• _DATASET EXTRACT_:
☆ ☆ ☆ ☆

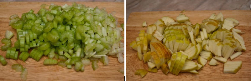 Первым делом хорошенько промываем сельдерей под проточной водой и нарезаем мелкими кусочками.
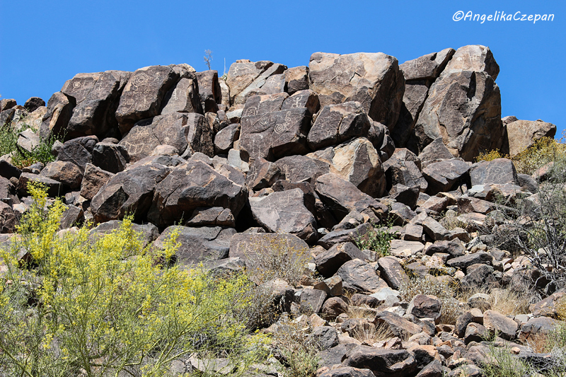 Von der Picnic Area geht es zunächst hinunter in einen Wash und und dann über mehrere Stufen hinauf zum Signal Hill. Dieser große Hügel ist mit großen, dunklen Basaltblöcken übersät, in die die Hohokam vor etwa 1.000 Jahren ihre Symbole und Zeichen einritzten. Einen ersten schönen Blick auf diese Indian Rock Art hat man vom Fuß des Hügels. Weitere Petroglyphen findet man auf den Felsblöcken oben auf dem Gipfelplateau. Wer mag, kann von hier aus noch ein Stück dem Cactus Wren Trail Richtung Norden folgen.
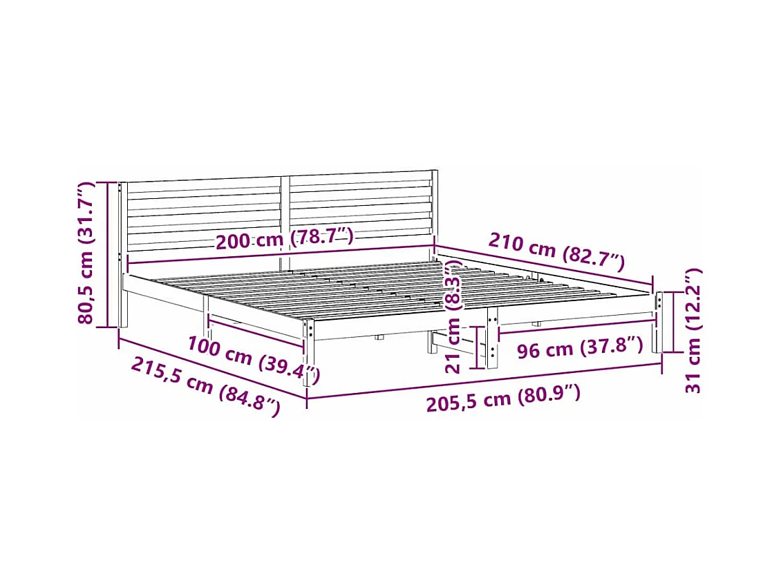 Cadre de lit extra long sans matelas 200x210 cm bois massif pin

☆ ☆ ☆ ☆

• _WORK ORDER_: Reproduce the entire listing above precisely, but keep the images out.

• _YOUR RESPONSE_:
 Первым делом хорошенько промываем сельдерей под проточной водой и нарезаем мелкими кусочками.
 Von der Picnic Area geht es zunächst hinunter in einen Wash und und dann über mehrere Stufen hinauf zum Signal Hill. Dieser große Hügel ist mit großen, dunklen Basaltblöcken übersät, in die die Hohokam vor etwa 1.000 Jahren ihre Symbole und Zeichen einritzten. Einen ersten schönen Blick auf diese Indian Rock Art hat man vom Fuß des Hügels. Weitere Petroglyphen findet man auf den Felsblöcken oben auf dem Gipfelplateau. Wer mag, kann von hier aus noch ein Stück dem Cactus Wren Trail Richtung Norden folgen.
 Cadre de lit extra long sans matelas 200x210 cm bois massif pin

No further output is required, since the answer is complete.